Bad Nauheimer Stadtarchiv wird digital - Firma Microbox stellt Hochleistungsscanner zur Verfügung
17. Dezember 2020

Das kommende Jahr steht für das Bad Nauheimer Stadtarchiv im Zeichen der Digitalisierung. Der überwiegende Bestand an historischen und auch Akten neueren Datums wird digitalisiert. Das Projekt wird von der Firma Microbox unterstützt, die dankenswerterweise einen Hochleistungsscanner kostenfrei zur Verfügung stellt. Das auf die Entwicklung und den Verkauf von hochauflösenden Scannern und Kameras zur Erfassung von Büchern und Kulturgut spezialisierte international agierende Unternehmen ist seit seinen Anfängen 1958 in Bad Nauheim ansässig. Es ist für viele renommierte Kunden und Staatsarchive weltweit, wie die British Library, das Weiße Haus oder das Bundesarchiv in Koblenz, tätig.

„Die Digitalisierung des Stadtarchivs ist ein wichtiger Meilenstein auf dem Weg zu einer digital und papierlos arbeitenden Verwaltung. Die Konzeption des Projekts wurde bereits vor dem Brand in der Silvesternacht 2019 auf 2020 begonnen. Hierdurch hat sich allerdings eine erhebliche Beschleunigung ergeben, die dann im Frühjahr durch die Corona-Pandemie wieder ausgebremst wurde, weil die Digitalisierungskapazitäten der Stadt an anderer Stelle dringend gebraucht wurden. In diesen Tagen können wir nun aber endlich starten. Der Firma Microbox möchte ich nochmals herzlich für ihre großzügige Geste und die kostenfreie Überlassung des Geräts danken. Wir als kleines Stadtarchiv dürfen damit eine Technik auf höchstem Qualitätsniveau nutzen, die sonst nur großen Archiven zur Verfügung steht.

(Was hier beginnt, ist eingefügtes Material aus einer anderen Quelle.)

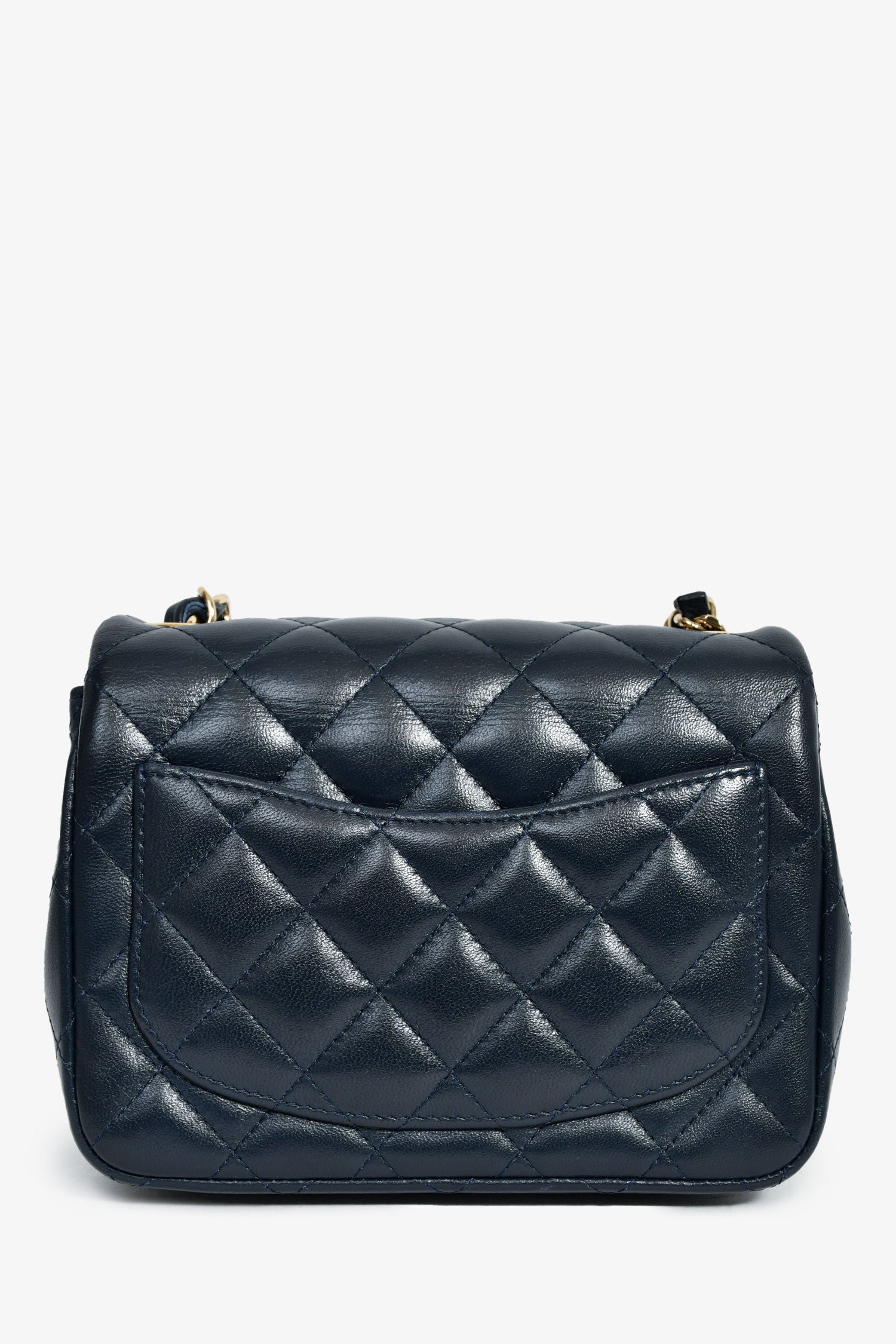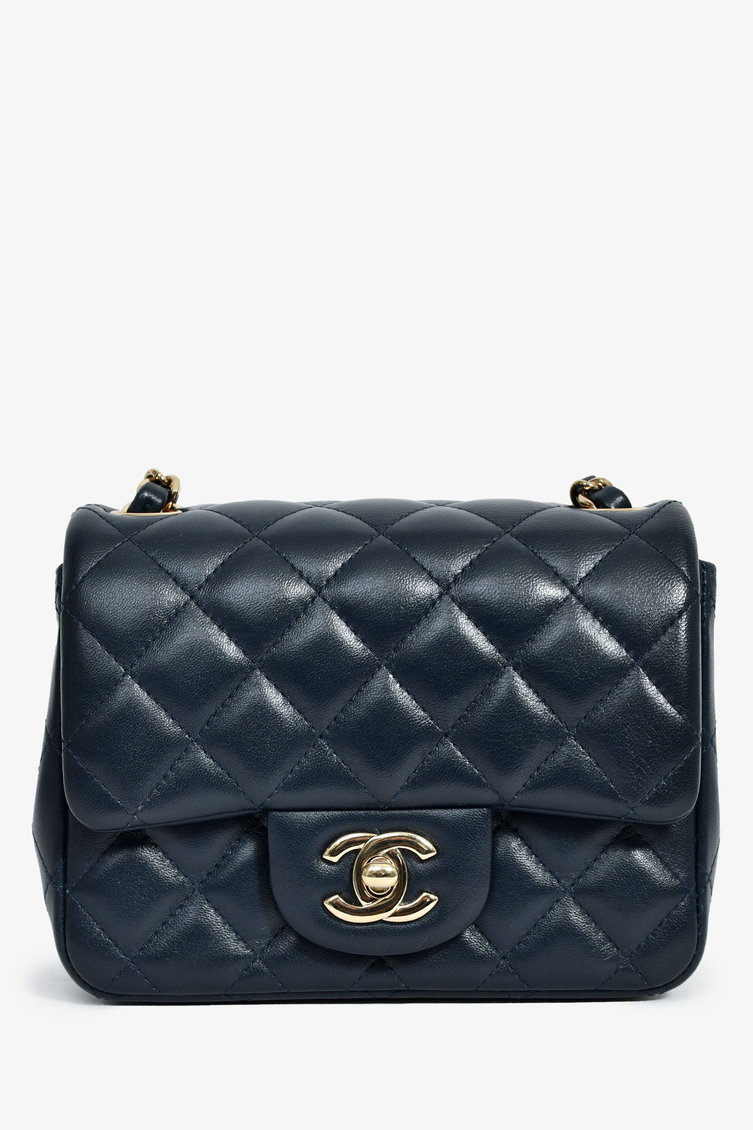 Pre-Loved Chanel™ 2020 Navy Lambskin Mini Square Flap Crossbody. Front fold-over flap with a turn-lock closure. Chain-link and leather crossbody strap. Leather lined interior with 1 slip and 1 zip pocket. Silver-tone hardware. Tonal stitching.

Das Unternehmen um Geschäftsführer Stephan Welp leistet damit einen wichtigen Beitrag zur Digitalisierung der Stadtverwaltung, die in den letzten Jahren in vielen Bereichen vorangeschritten ist“, betont Bürgermeister Klaus Kreß.

Durch den Brand am Gebäude des Stadtarchivs in der Hauptstraße in der Silvesternacht wurde die Bedeutung des Archivs als Gedächtnis der Identität der Stadt nochmals deutlich. Damals hatte der Dachstuhl, womöglich durch eine Silvesterrakete, Feuer gefangen. Durch die schnelle Meldung einer Nachbarin und das zügige Eingreifen der Feuerwehr konnte ein größerer Schaden verhindert werden. Dennoch floss Löschwasser durch die Decken und beschädigte einige Aktenmeter. Diese mussten ausgelagert, getrocknet und zum Teil gesichert werden. Es folgten aufwändige Sanierungs- und Instandsetzungsarbeiten am Gebäude in der ersten Jahreshälfte.

„Parallel haben wir mit der Firma Microbox die Digitalisierungsmaßnahme geplant. Bei rund 500 Aktenmetern musste unter anderem festgelegt werden, welche Dokumente priorisiert gescannt werden. Vorrang haben Akten mit stadtgeschichtlicher Bedeutung, etwa Protokollbücher von Magistrat, Stadtverordnetenversammlung oder Ortsbeiräten. Ebenso Urkunden- und Rechnungsbücher, die aus der Zeit zwischen 1683 und 2000 stammen sowie historische Verwaltungsaktenbestände ab 1854. Danach folgt die damalige „Kurzeitung“, deren Papier spröde wie Glas ist und beim Anfassen zersplittert. Die hier genannten Dokumente machen bereits rund 100 Aktenmeter aus“, erklärt Matthias Wieliki, Fachbereichsleiter Zentrale Steuerung und Öffentlichkeitsarbeit.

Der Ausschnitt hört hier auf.